A healing lesson from a mother learning to lead with humility

There’s a sacred kind of grief that comes with hindsight — the ache of seeing where you fell short, especially with the ones you love most. This is a lesson I’ve learnt the hard way on my journey through inner healing. I’ve made all these mistakes and more with my precious boys… and by God’s grace, I’m learning to make amends.


Telling your child “I love you” is important.

Telling your child “I was wrong, I’m sorry” — that’s revolutionary.


One tells them they are loved.

The other teaches them humility, honesty, and character.


Most parents never apologise to their children.

They justify their behaviour.

They blame the child’s reaction.

They let their pride speak louder than their love.


Their ego is too fragile to admit: I was wrong.


Here’s the uncomfortable truth — when we refuse to apologise, we don’t teach our children to respect authority.

We teach them that power is a shield for bad behaviour.

We teach them that mistakes are shameful.

We teach them to bury their own failures instead of facing them with grace.

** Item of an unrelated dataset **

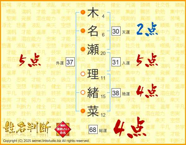 木(4画)名(6画)瀬(20画) 理(11画)緒(15画)菜(12画)
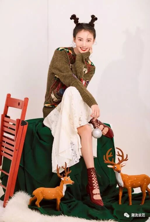 这一身圣诞的装扮也是非常好看,头发高扎成可爱俏皮的两小揪,额前留一些细细的碎发。圣诞主题的毛衣加上一件白色的裙子,脚下是一双红色的绑带高跟鞋,俏皮又性感。甜美的笑容,精致的妆容,看上去就真的是一个从天而降的圣诞小姐姐了。这样的金晨给人一种非常亲和,邻家的感觉,非常青春活力!

But when we sit eye-to-eye with our children and say “I’m sorry” — we give them something sacred.

We teach them that integrity matters more than pride.

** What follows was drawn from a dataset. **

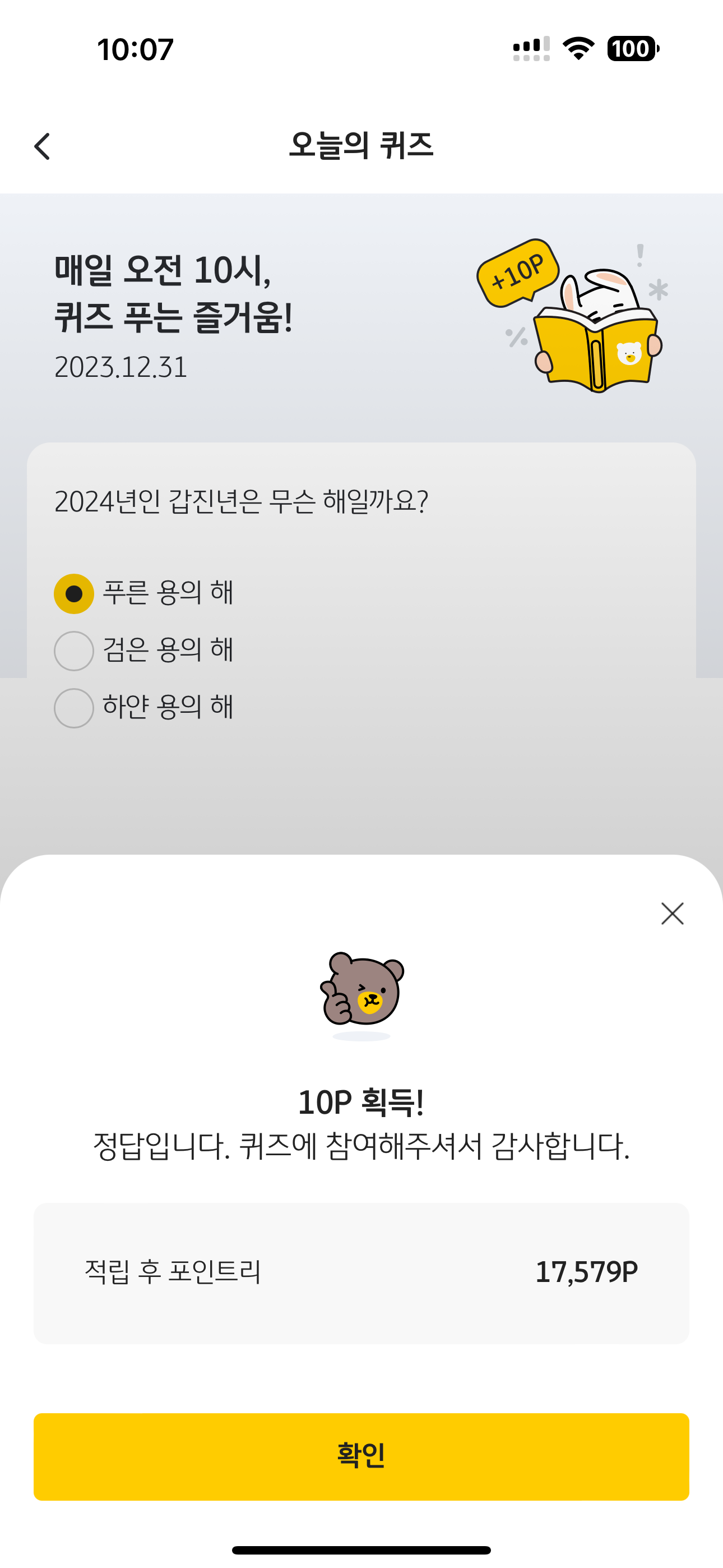 KB Pay 오늘의 퀴즈 정답은 푸른 용의 해 입니다

That relationships can survive truth.

That real strength is found in owning our weakness.

📖 “God resists the proud, but gives grace to the humble.” — James 4:6 (NKJV)

Our children don’t need perfect parents.

They need honest ones.

Present ones.

Repentant ones.


Because in the Kingdom, love isn’t proven through perfection — it’s revealed through humility and healing.


So, if you’ve messed up (like I have), don’t wait for the perfect moment to make it right.

Swallow your pride. Say the words.

“I’m sorry. I was wrong.”

It might just be the greatest lesson you ever teach them.


And as you do, may you find healing for your own inner child too — the one who never heard those words when they mattered most.